» GIVEN INFORMATION

☆ ☆ ☆ ☆

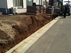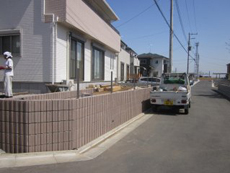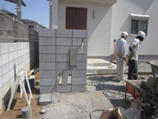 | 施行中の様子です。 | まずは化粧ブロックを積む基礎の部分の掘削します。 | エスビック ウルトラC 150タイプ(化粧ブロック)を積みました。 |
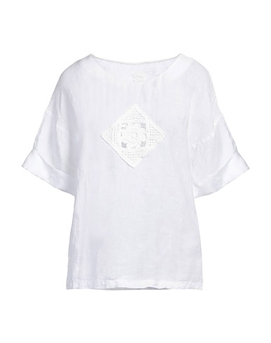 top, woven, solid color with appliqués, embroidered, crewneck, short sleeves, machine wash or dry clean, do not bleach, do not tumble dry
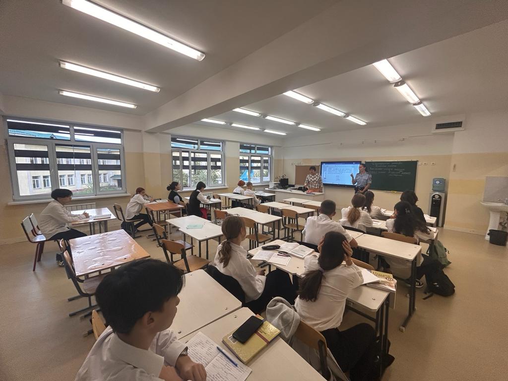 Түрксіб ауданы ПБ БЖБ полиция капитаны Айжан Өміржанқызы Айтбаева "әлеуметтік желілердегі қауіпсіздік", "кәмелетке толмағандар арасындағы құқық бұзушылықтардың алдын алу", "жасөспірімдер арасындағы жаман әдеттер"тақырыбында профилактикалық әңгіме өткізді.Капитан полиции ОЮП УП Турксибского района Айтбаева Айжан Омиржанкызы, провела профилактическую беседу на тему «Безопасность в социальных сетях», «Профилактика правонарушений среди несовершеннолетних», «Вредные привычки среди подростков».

☆ ☆ ☆ ☆

» EXERCISE REQUIREMENTS
Only the lines from the one holding "top, woven, solid" through the end of the data are to be printed, exactly as they stand and with no pictures.

» THE COMPLETED TASK
 top, woven, solid color with appliqués, embroidered, crewneck, short sleeves, machine wash or dry clean, do not bleach, do not tumble dry
 Түрксіб ауданы ПБ БЖБ полиция капитаны Айжан Өміржанқызы Айтбаева "әлеуметтік желілердегі қауіпсіздік", "кәмелетке толмағандар арасындағы құқық бұзушылықтардың алдын алу", "жасөспірімдер арасындағы жаман әдеттер"тақырыбында профилактикалық әңгіме өткізді.Капитан полиции ОЮП УП Турксибского района Айтбаева Айжан Омиржанкызы, провела профилактическую беседу на тему «Безопасность в социальных сетях», «Профилактика правонарушений среди несовершеннолетних», «Вредные привычки среди подростков».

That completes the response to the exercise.